If Donald Trump’s sister is right that he “has no principles,” he does at least have a few enduring instincts. Perhaps the most persistent is the president’s conviction that American greatness is threatened by voluntary economic exchange, the most powerful engine of peace and prosperity in human history.
Each of us has a fundamental right to the fruits of our labor, which includes the right to exchange the money we earn for products and services. When governments respect that right, mutually beneficial transactions replace zero-sum interactions that forcibly transfer resources from losers to winners. The value of those voluntary transactions does not depend on where buyers and sellers happen to be located.
Trump’s rejection of those principles pervades the second-term agenda he unveiled this week. He promises not only to “create 10 million new jobs in 10 months”—which itself betrays a basic misunderstanding of the president’s powers and the way a market economy works—but also to “keep jobs in America” through “Made in America” tax credits and “fair trade deals that protect American jobs.”
Even keeping jobs in America is not enough to satisfy Trump, who also wants to dictate who can fill those jobs. He would use immigration law to “prohibit American companies from replacing United States citizens with lower-cost foreign workers.”

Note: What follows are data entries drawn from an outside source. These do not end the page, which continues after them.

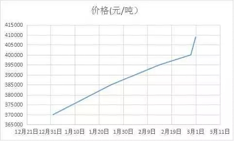 春節(jié)過(guò)后,作為陶瓷色料的主要原料之一,氧化鈷可謂是一飛沖天。據(jù)長(zhǎng)江有色金屬網(wǎng)數(shù)據(jù)顯示,氧化鈷年前年前報(bào)價(jià)為38萬(wàn)元/噸左右,而春節(jié)后則已達(dá)到41萬(wàn)元/噸。而到了陶瓷色料企業(yè),報(bào)價(jià)則更高。
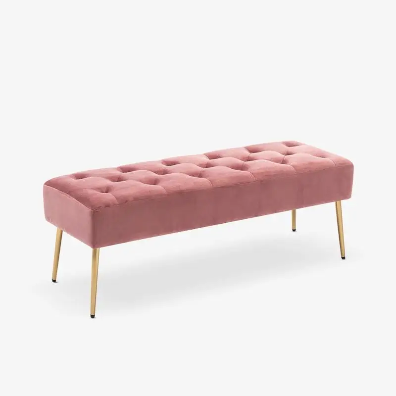 This velvet tufted bench brings a touch of elegance to any space. The soft velvet upholstery paired with the sophisticated tufted design adds both comfort and style. Supported by sleek gold-toned legs. this bench is perfect for entryways. bedrooms. or extra seating in the living room. Its versatile design blends effortlessly with modern and classic decor styles.
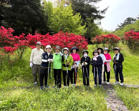 気持ちのいい景色や花々のなかで、ノルディックウォーキングを楽しみましょう。
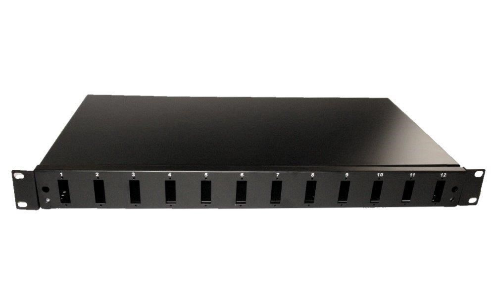 Optická vana výsuvná 1U, 12x SC duplex s kazetou na 24 svarů, černá

Notwithstanding his vociferous rejection of the “socialism” he ascribes to the Democrats, Trump believes the government must manipulate the economy, which means overriding the choices Americans otherwise would make, to ensure his preferred outcomes, down to details as mundane as the location of air conditioner and washing machine factories. In his mind, trade is not a right to be respected but a process to be managed by politicians.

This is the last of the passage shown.